Retype each record below word for word, pictures excluded.

═══ Provided material

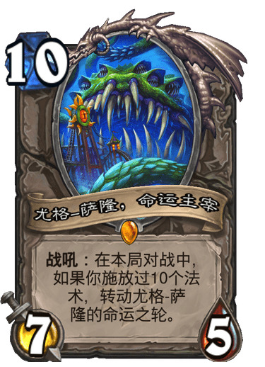 新版本四大古神中最看好的一张,对比旧版尤格萨隆,它的随机性更强,平均期望也更高,很可能取代旧版尤格萨隆。但是如今的主流卡组大多不带导演,如果是偏娱乐的套牌不妨两个都带着,享受双倍快乐。
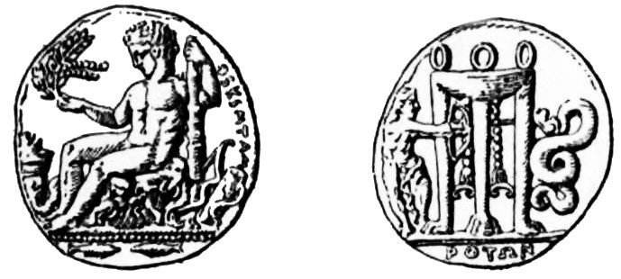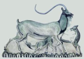 | Painted from the facsimiles in the Ashmolean Museum, Oxford, by Diana R. Wilson, by special permission. See p. 22. According to Greek mythology Zeus was suckled by a she-goat in Crete | ||
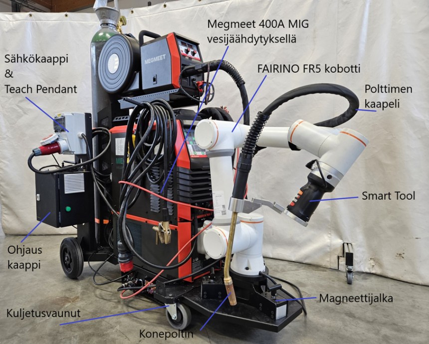 ”Järjestelmä mahdollistaa saumojen täydennyksen nopeasti ja tarkasti ilman tuotannon keskeytyksiä. Hitsausrobotti kuljetetaan vaunulla kohteeseen, kytketään 3-vaiheinen virtajohto ja asetetaan paikalleen magneettikiinnityksellä. Smart Tool -järjestelmällä määritetään hitsisauman alku- ja loppupiste, minkä jälkeen automaattinen hitsaus käynnistyy yhdellä painalluksella.
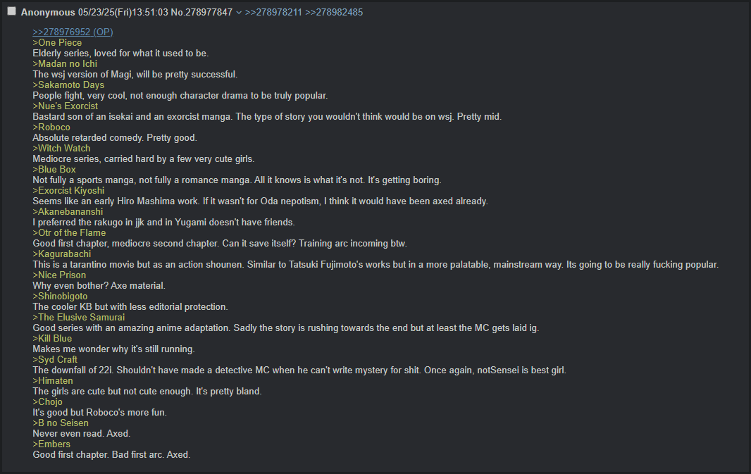 >>2490827 для современного джампа вполне. автор любой из текущих серий, году даже в 2015-м, не то что раньше, получил бы демонстративный посыл нахуй своего манускрипта в шредер вместо публикации они все очень слабые
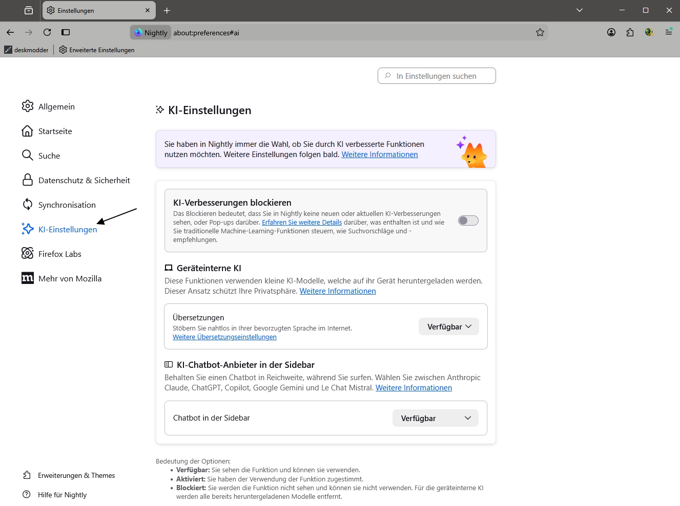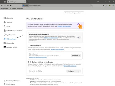Die Funktion, um die künstliche Intelligenz komplett in den Einstellungen zu deaktivieren, kommt erst mit dem Firefox 148, der am 24.02. erscheinen wird. Das wird dann so aussehen (derzeit Nightly bei mir).
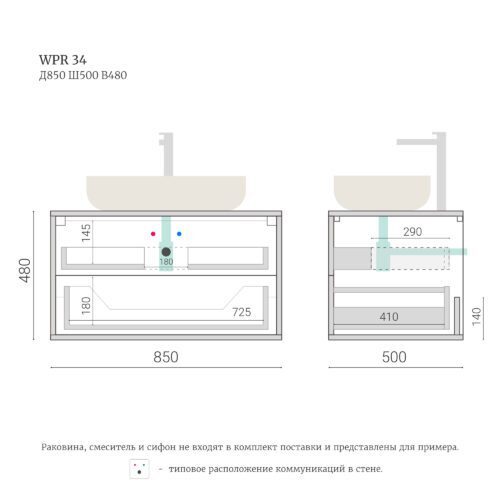 Выполнена из влагостойкого МДФ, все поверхности дополнительно защищены от попадания

══════

**Written response:**
 新版本四大古神中最看好的一张,对比旧版尤格萨隆,它的随机性更强,平均期望也更高,很可能取代旧版尤格萨隆。但是如今的主流卡组大多不带导演,如果是偏娱乐的套牌不妨两个都带着,享受双倍快乐。
 | Painted from the facsimiles in the Ashmolean Museum, Oxford, by Diana R. Wilson, by special permission. See p. 22. According to Greek mythology Zeus was suckled by a she-goat in Crete | ||
 ”Järjestelmä mahdollistaa saumojen täydennyksen nopeasti ja tarkasti ilman tuotannon keskeytyksiä. Hitsausrobotti kuljetetaan vaunulla kohteeseen, kytketään 3-vaiheinen virtajohto ja asetetaan paikalleen magneettikiinnityksellä. Smart Tool -järjestelmällä määritetään hitsisauman alku- ja loppupiste, minkä jälkeen automaattinen hitsaus käynnistyy yhdellä painalluksella.
 >>2490827 для современного джампа вполне. автор любой из текущих серий, году даже в 2015-м, не то что раньше, получил бы демонстративный посыл нахуй своего манускрипта в шредер вместо публикации они все очень слабые
Die Funktion, um die künstliche Intelligenz komplett in den Einstellungen zu deaktivieren, kommt erst mit dem Firefox 148, der am 24.02. erscheinen wird. Das wird dann so aussehen (derzeit Nightly bei mir).
 Выполнена из влагостойкого МДФ, все поверхности дополнительно защищены от попадания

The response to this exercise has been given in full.